そして「市場と顧客、バッテリー技術」のバランスを見ながら初のEVを投入するようだ

アストンマーティンは電動化に比較的熱心なブランドでもあり、まず2010年代初頭にはトヨタiQをベースにした「シグネット(Cygnet)」のEV化を検討していたとの報道があり、その後2019年にはEV版「ラピードE(Rapide E)」が発表され、加えて電気自動車専用のサブブランド「ラゴンダ(Lagonda)」が立ち上げられています。

ただ、ここで注目すべきはいずれも「計画倒れ」となっていることで、つまりは「どれも実現していない」ということ。

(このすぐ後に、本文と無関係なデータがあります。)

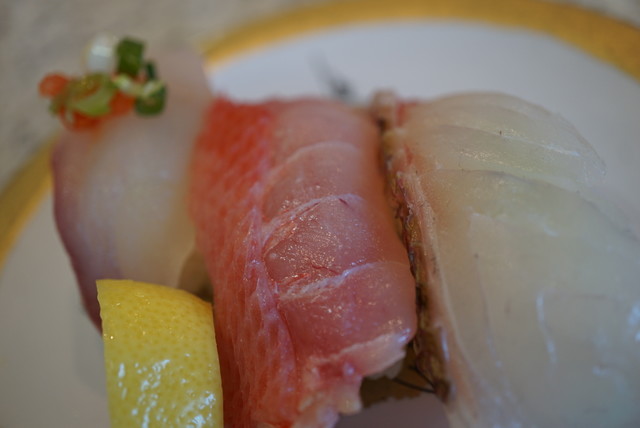 白身三点盛(左:アイナメ、中:カンパチ、右:平目)
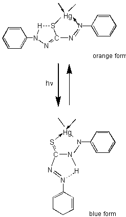 Metal dithizonate dyes are one of the earliest organic dyes that were found to exhibit photochromism. For first time Irving, et al.,[8] and Webb, et al.,[9] report independently that the mercury(II) complex is photochromic. Benzene or chloroform solutions of HgDz2 irradiated or placed in bright sunlight change the normal orange-yellow colour to an intense royal-blue colour. After stopping of the irradiation the orange-yellow colour return slowly. These colour changes can be repeated many times. After these articles the photochemistry of mercury-dithizone complex (HgDz2) and organomercury-dithizone complex (R-HgDz) have been extensively investigated [10-12]. The type of the transition is shown in Scheme 1.
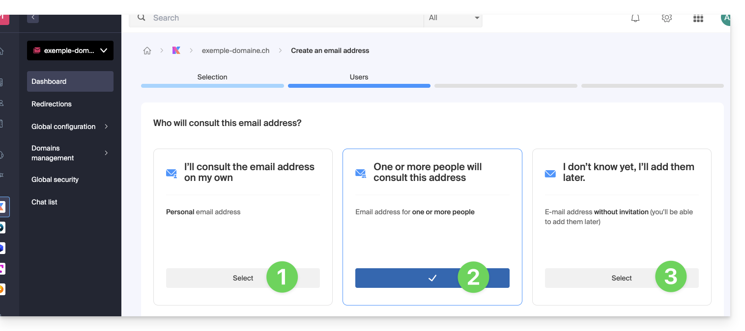 The administrator of a Mail Service creates a new email address (refer to this other guide if necessary) and must select the creation mode suitable for their situation:
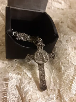 Antigua cruz relicario con trozo de tela de Padre Claret. Ideal para coleccionistas o como objeto devocional. - Diseño detallado. - Material metálico, plateado , con cadena plateada.(Dispongo de varios tamaños, material composicion , y colores de plata plata y dorado,anunciadas en wallaop, esta el de las mas pequeñas, 5cm de largo sin contar anilla)). - Bien conservada.Etrega en mano.50€
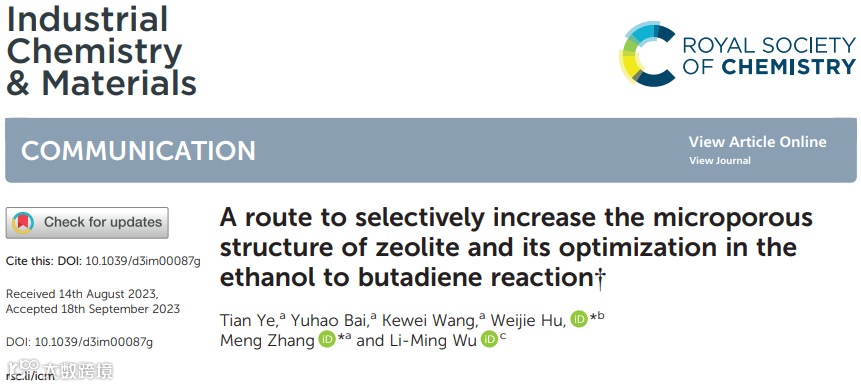 近日,中山大学张蒙副教授团队在期刊Industrial Chemistry & Materials上发表题为“A route to selectively increase the microporous structure of zeolite and its optimization in the ethanol to butadiene reaction”的文章。本文通过向有机胺水溶液中添加一定量的乙醇生成醇胺缓冲溶液,开发了一种温和刻蚀沸石分子筛的方法,对分子筛的微孔结构进行选择性调控。此外,团队分析了缓冲溶液的形成过程,提出了醇胺缓冲溶液对沸石分子筛孔道的调控机理,考察了该方法对催化剂的晶体结构和孔结构的影响。微孔增加的催化剂在乙醇制丁二烯反应中表现出优异的催化性能:乙醇的转化率99.56%和丁二烯的选择性69.43%。
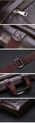 2024 New Luxury Brand Man Handbag Leather Laptop Briefcase Business A4 Document Bags For IPAD Office Male Vintage Shoulder Bag
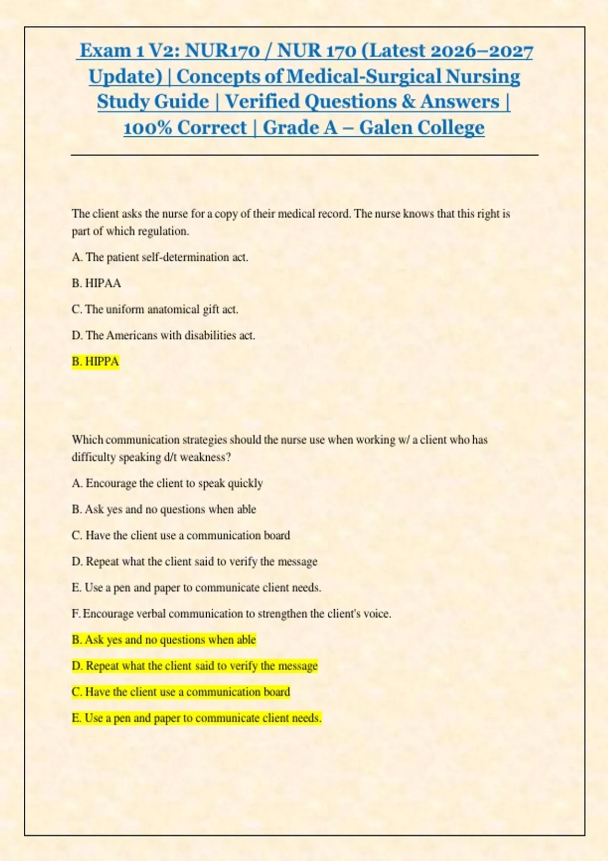 100% Correct | Grade A – Galen College
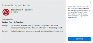 Zusätzlich zu der eben beschriebenen Option, Backup Exec in Verbindung mit Cloud-Storage auf Azure zu nutzen, gibt es im Azure Marketplace auch noch die Möglichkeit, automatisch eine Azure VM mit vorinstalliertem Backup Exec 16 zu erzeugen und diese dann direkt in Azure zu nutzen. In diesem Fall kommt Backup Exec mit einer 60 Tage-Testlizenz, soll das System über einen längeren Zeitraum zum Einsatz kommen, so sind die Anwender dazu in der Lage, eine eigene Lizenz einzuspielen (Bring your own License). Die „Backup Exec 16 – Standard Azure Solution“ kommt bereits mit dem Agenten für Anwendungen und Datenbanken und dem Agenten für Vmware und Hyper-V. Andere Optionen lassen sich direkt in der VM über die entsprechende Backup Exec-Utility nachinstallieren.

これらからわかるのは「アストンマーティンが計画を柔軟に変更している」ということで、チャンスがないと判断すればある程度コストをかけたプロジェクトであっても「勇気を持ってキャンセルできる」という姿勢です。

アストンマーティンのEV投入計画は「2026年」へと延期、さらには「2030年までに」へと変更に

そしてこの柔軟な姿勢は直近でも見ることができ、以前の発表では2025年に最初のEVを発売する予定であったものの、まずは2026年に延期され、しかし最近就任したCEO、エイドリアン・ホールマーク氏は「この10年(2020年代)のうち」へと初のEVの登場時期を遅らせていて、実際には2030年近くになる可能性があるわけですね。

なお、この延期の背景には「一部の顧客がEVに強い拒否感を示している」ことがあるといい、エイドリアン・ホールマークCEOによると、「V12やV8を諦めると言うと、一部の富裕層は強い反発を示します。これほど彼らの怒りを買うことはありません」。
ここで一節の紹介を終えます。